İmanlı gönülde sakinlik vardır… hatta -duyunca şaşıracak olabilirsiniz- neşe ve keyif vardır. Bu kadar karşı olduğumuz bir din olan Hıristiyanlığın nice rahibinin ve pek çok Müslüman din adamının -örneğin Beyaz Hoca (Zekeriye Beyaz) ve Cübbeli Ahmet Hoca (Ahmet Mahmut Ünlü)- gözlerinde okuduğum rahatlığı başka çok az kimsede gördüğümü söyleyebilirim.

Kahin değilim; sadece gördüklerimi, inandıklarımı söylemekteyim. Hiç sanmıyorum, ama söz ettiğim kişiler hakkında yanılıyor olsam bile unutmamak gerekir: İmanın serotonin devrelerini tetiklediği deneysel ortamda ortaya çıkarılmıştır.

Editörün notu: Bu konuda bilgi almak için Janus'un SEROTONİN, İNANÇ ve MUTLULUK adlı makalesine göz atabilirsiniz.

Bizlere göre Allah, binyıllarca kendini birbirinden çok farklı inanç ve mitolojilerde, aralarında büyük mesafeler ve yıllar olan uygarlıkların mitlerinde, daima benzer şekilde "Baba Tanrı" olarak görünen kimliğe çok benzemektedir. Ancak ondan fazlası vardır; çünkü Kuran zamanında artık yazmak eylemi yaygınlaşmış, insan zekası gelişmiştir. Yani artık yaratıcı, kendini insan aracılığı ile insana daha iyi ifade edebilmektedir. Bu yüzden -bize göre- Müslümanların "Müslümanlık en modern din" iddiası doğrudur.

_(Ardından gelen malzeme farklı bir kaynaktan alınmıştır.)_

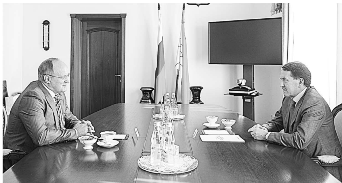
Между губернатором Воронежской области Алексеем Гордеевым и вице-губернатором Санкт-Петербурга Владимиром Кирилловым состоялся обстоятельный разговор о путях развития сотрудничества в областях экономики и культуры.

Живые контакты как нельзя лучше помогают сотрудничеству: укрепляют горизонтальные связи между регионами, а значит, напрямую служат развитию экономики всей страны. В программу

Paganizmde yaratıcı "Ana tanrıça ve Baba Tanrı" olarak görülür. Oysa cinsiyet adlı kavram, hyperspace içindeki evrenlerden biri olan evrenimizin, bir köşesindeki, alçakgönüllü bir galaksinin bir planetinde geçerlidir. :)

Müslümanlıkta ise bu -bir anlamda- "ayrılmış" görünüm "tek tanrı" başlığında sunulur. Bu mesaj Yahudilikte "Ben her şeyim, en büyük benim!" şeklinde yer alır. Müslümanlıkta ise "Hepimiz biriz, insan da Allah'ın parçasıdır" biçimindeki bütünlüğü anlatır.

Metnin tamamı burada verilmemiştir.